◆ EXERCISE GOAL: Transcribe the data below verbatim from the line with "La Fototeca Comunale" to the line with "時間の許す限り、前に出てクイズをみんなに出していました。". Include both of those lines.

◆ SOURCE MATERIAL:
________________________

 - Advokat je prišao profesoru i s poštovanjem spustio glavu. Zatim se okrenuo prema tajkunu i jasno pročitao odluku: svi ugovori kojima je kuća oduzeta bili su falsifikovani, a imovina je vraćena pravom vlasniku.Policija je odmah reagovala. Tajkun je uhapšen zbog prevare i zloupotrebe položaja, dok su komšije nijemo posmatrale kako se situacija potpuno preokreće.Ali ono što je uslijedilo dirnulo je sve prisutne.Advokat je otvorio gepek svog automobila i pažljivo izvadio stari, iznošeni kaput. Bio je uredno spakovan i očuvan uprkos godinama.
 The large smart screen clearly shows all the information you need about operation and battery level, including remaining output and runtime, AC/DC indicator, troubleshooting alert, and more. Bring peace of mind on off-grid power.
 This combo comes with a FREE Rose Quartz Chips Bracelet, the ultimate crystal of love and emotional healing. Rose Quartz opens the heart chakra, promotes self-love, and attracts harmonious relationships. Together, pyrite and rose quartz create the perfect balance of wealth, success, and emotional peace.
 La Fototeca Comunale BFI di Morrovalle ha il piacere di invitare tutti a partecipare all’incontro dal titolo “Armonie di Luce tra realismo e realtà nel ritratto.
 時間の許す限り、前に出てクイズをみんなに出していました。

________________________

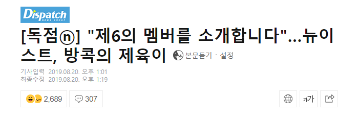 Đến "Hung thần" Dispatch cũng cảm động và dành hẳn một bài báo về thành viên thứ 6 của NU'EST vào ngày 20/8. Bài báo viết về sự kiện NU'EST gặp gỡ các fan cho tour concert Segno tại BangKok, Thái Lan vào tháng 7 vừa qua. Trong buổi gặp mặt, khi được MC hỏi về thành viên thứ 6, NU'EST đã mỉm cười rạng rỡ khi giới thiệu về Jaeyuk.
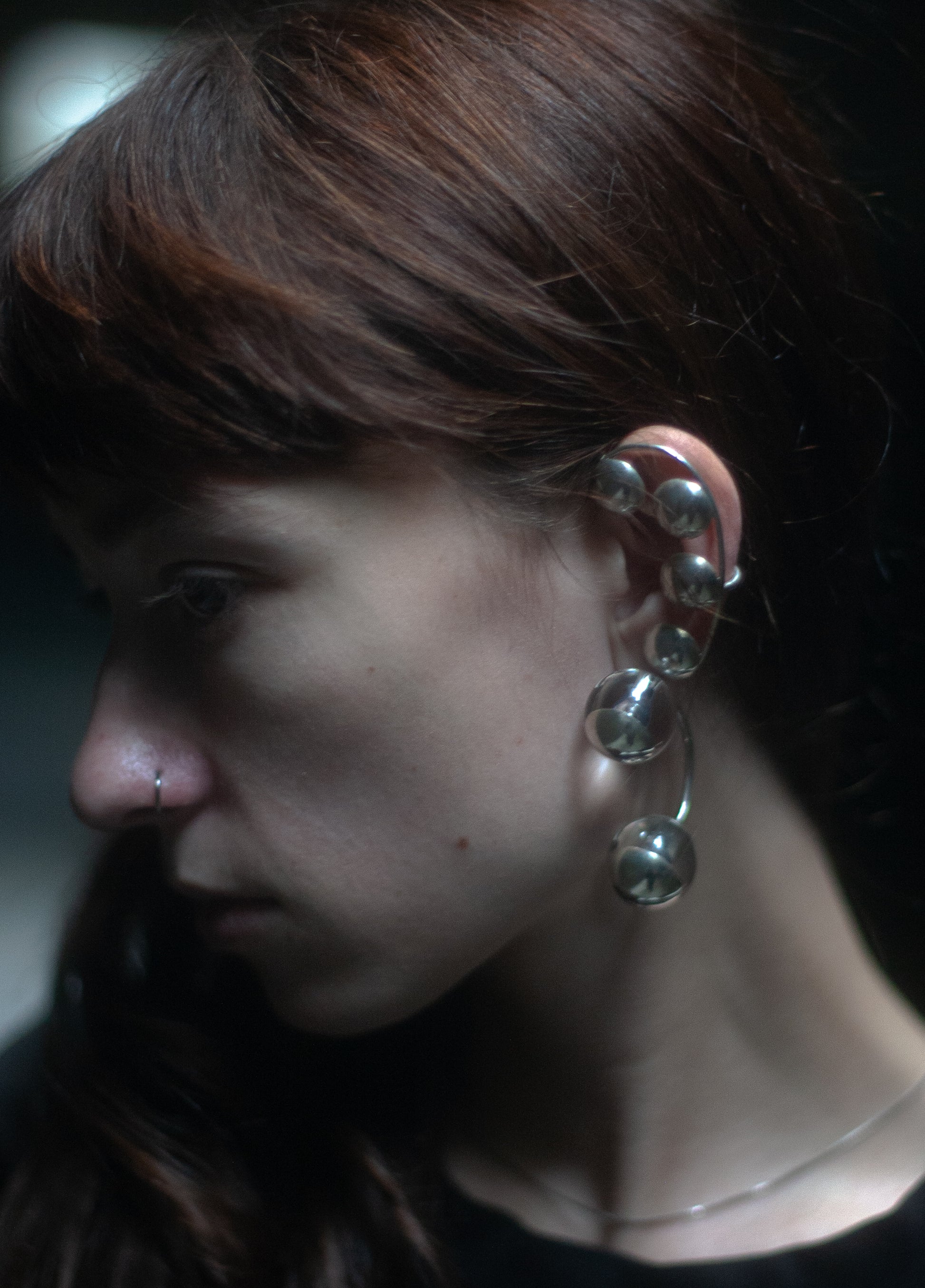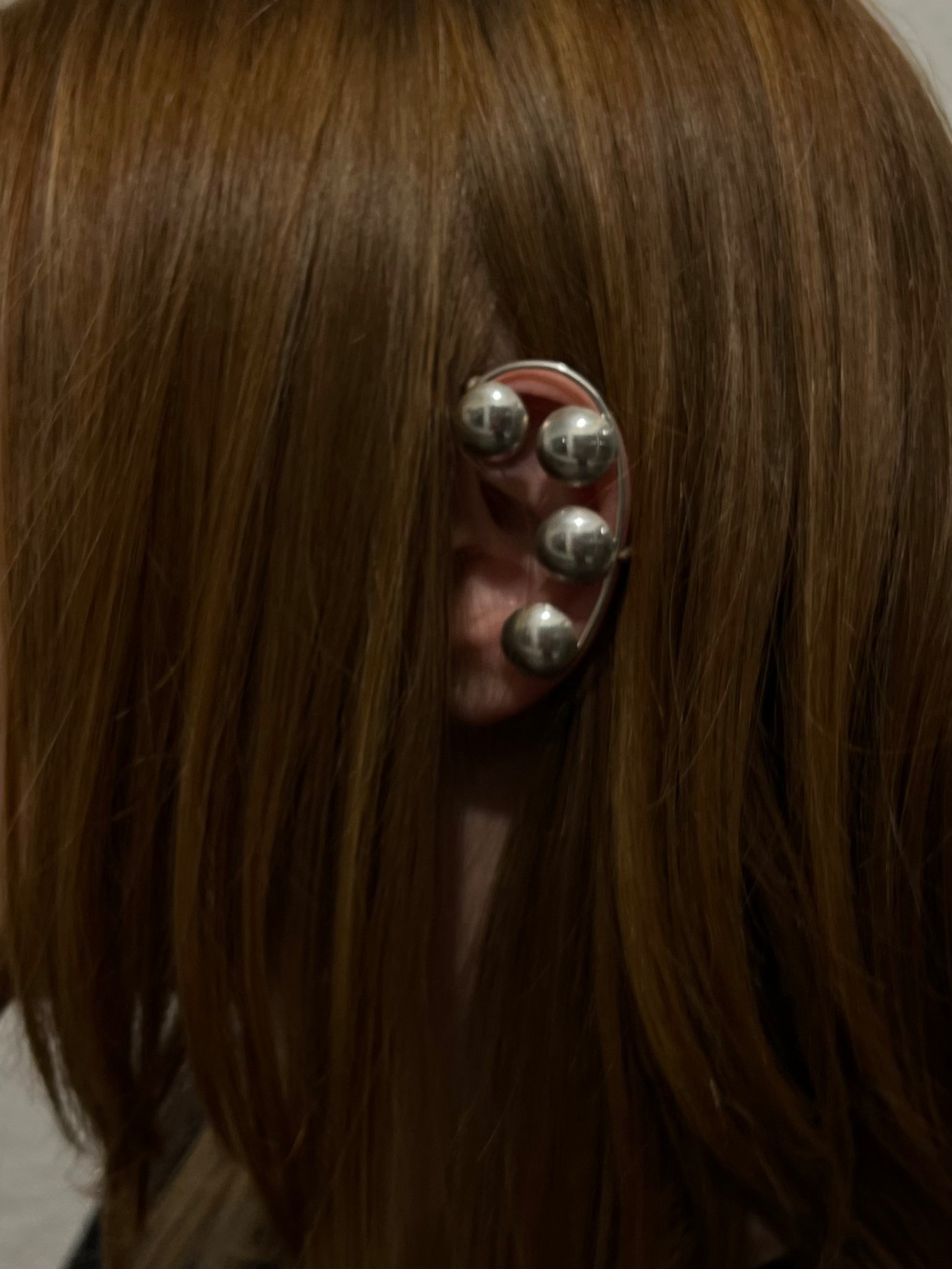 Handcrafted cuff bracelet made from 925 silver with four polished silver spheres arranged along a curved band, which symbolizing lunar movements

________________________

◆ SOLUTION TO THE EXERCISE:
 La Fototeca Comunale BFI di Morrovalle ha il piacere di invitare tutti a partecipare all’incontro dal titolo “Armonie di Luce tra realismo e realtà nel ritratto.
 時間の許す限り、前に出てクイズをみんなに出していました。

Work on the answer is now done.